County-level poverty is equally associated with unmet health care needs in rural and urban settings.

机构信息

Department of Family Medicine, Medical University of South Carolina, Charleston, USA.

出版信息

J Rural Health. 2010 Fall;26(4):373-82. doi: 10.1111/j.1748-0361.2010.00309.x.

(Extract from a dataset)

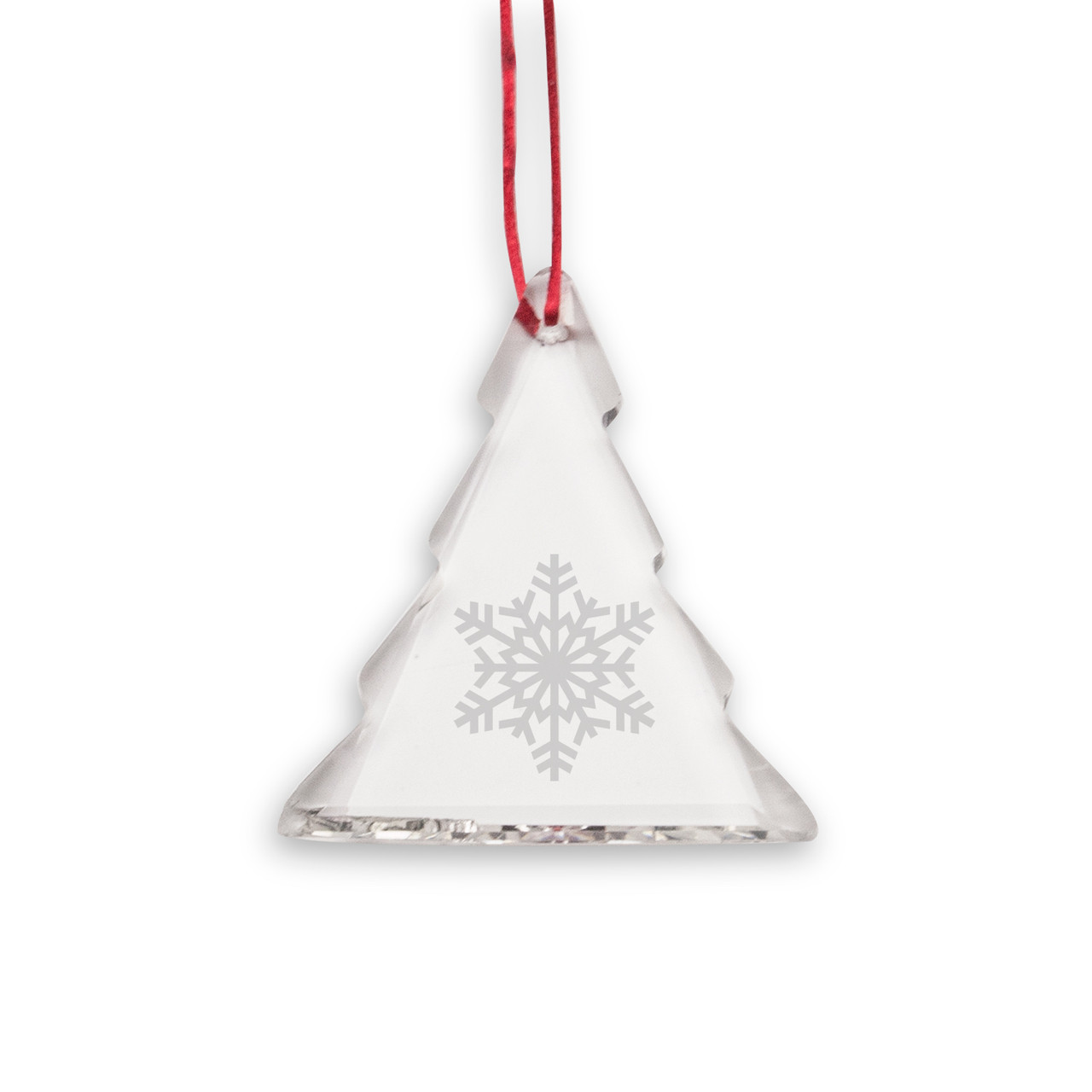 This sophisticated product line uses a deep etch process which provides the most beautiful and enduring decorated glass gifts available today. Designed to be used with limited breakage. Made in the USA. This crystal tree ornament measures 2" x 3.25"H

DOI:10.1111/j.1748-0361.2010.00309.x
PMID:21029173
Abstract

CONTEXT

Regional poverty is associated with reduced access to health care. Whether this relationship is equally strong in both rural and urban settings or is affected by the contextual and individual-level characteristics that distinguish these areas, is unclear.

PURPOSE

Compare the association between regional poverty with self-reported unmet need, a marker of health care access, by rural/urban setting.

METHODS

Multilevel, cross-sectional analysis of a state-representative sample of 39,953 adults stratified by rural/urban status, linked at the county level to data describing contextual characteristics. Weighted random intercept models examined the independent association of regional poverty with unmet needs, controlling for a range of contextual and individual-level characteristics.

FINDINGS

The unadjusted association between regional poverty levels and unmet needs was similar in both rural (OR = 1.06 [95% CI, 1.04-1.08]) and urban (OR = 1.03 [1.02-1.05]) settings. Adjusting for other contextual characteristics increased the size of the association in both rural (OR = 1.11 [1.04-1.19]) and urban (OR = 1.11 [1.05-1.18]) settings. Further adjustment for individual characteristics had little additional effect in rural (OR = 1.10 [1.00-1.20]) or urban (OR = 1.11 [1.01-1.22]) settings.

CONCLUSIONS

To better meet the health care needs of all Americans, health care systems in areas with high regional poverty should acknowledge the relationship between poverty and unmet health care needs. Investments, or other interventions, that reduce regional poverty may be useful strategies for improving health through better access to health care.

摘要

背景

地区贫困与医疗保健获取受限有关。但这种关系在农村和城市环境中是否同样强烈,或者是否受到区分这些地区的背景和个体层面特征的影响,尚不清楚。

目的

按农村/城市环境比较地区贫困与自我报告的未满足需求(医疗保健获取的一个标志)之间的关联。

方法

对按农村/城市地位分层的 39953 名成年人进行了州代表性样本的多水平、横断面分析,并在县一级与描述背景特征的数据相联系。加权随机截距模型检验了区域贫困与未满足需求之间的独立关联,同时控制了一系列背景和个体层面的特征。

结果

在农村(OR=1.06[95%CI,1.04-1.08])和城市(OR=1.03[1.02-1.05])环境中,未调整的区域贫困水平与未满足需求之间的关联相似。在调整其他背景特征后,两者的关联程度都有所增加(农村:OR=1.11[1.04-1.19];城市:OR=1.11[1.05-1.18])。在农村(OR=1.10[1.00-1.20])或城市(OR=1.11[1.01-1.22])环境中,进一步调整个体特征对关联的影响很小。

结论

为了更好地满足所有美国人的医疗保健需求,高区域贫困地区的医疗保健系统应认识到贫困与未满足的医疗保健需求之间的关系。减少区域贫困的投资或其他干预措施可能是通过改善医疗保健获取来改善健康的有用策略。